* [Data block]:
###

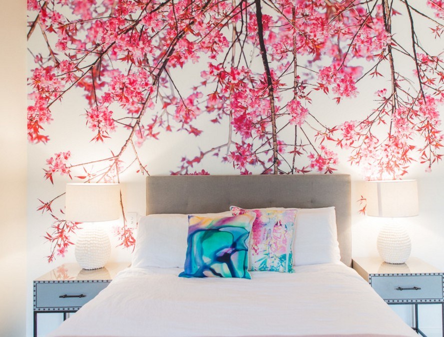 Это сделает дизайн неповторимым. В комнате с нейтральной цветовой палитрой допустимо применение разноцветных обоев с привлекательным узором, имитирующим облетающие лепестки.
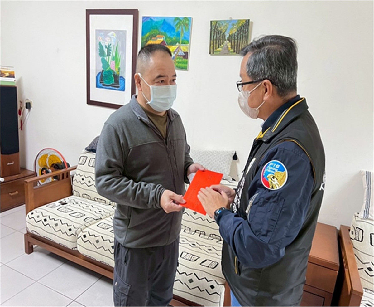 桃園軍人服務站陳中吉站長獲悉後,五日即親自前往慰問並代表謝錦朗董事長致贈慰問金,陳站長探視時,除代表謝董事關心病情及醫治狀況、轉達關懷問候外,也祝福宋士官長早日康復。
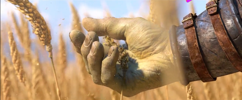 收獲時(shí)節(jié)的麥田深處,是一片祥和景象,隨著一雙大手一攆,麥穗隨風(fēng)飄灑,灰飛煙滅,薩魯法爾大王來(lái)了……

###

* [Activity]: Apart from the pictures, every line above must be repeated exactly.

* [Exercise output]:
 Это сделает дизайн неповторимым. В комнате с нейтральной цветовой палитрой допустимо применение разноцветных обоев с привлекательным узором, имитирующим облетающие лепестки.
 桃園軍人服務站陳中吉站長獲悉後,五日即親自前往慰問並代表謝錦朗董事長致贈慰問金,陳站長探視時,除代表謝董事關心病情及醫治狀況、轉達關懷問候外,也祝福宋士官長早日康復。
 收獲時(shí)節(jié)的麥田深處,是一片祥和景象,隨著一雙大手一攆,麥穗隨風(fēng)飄灑,灰飛煙滅,薩魯法爾大王來(lái)了……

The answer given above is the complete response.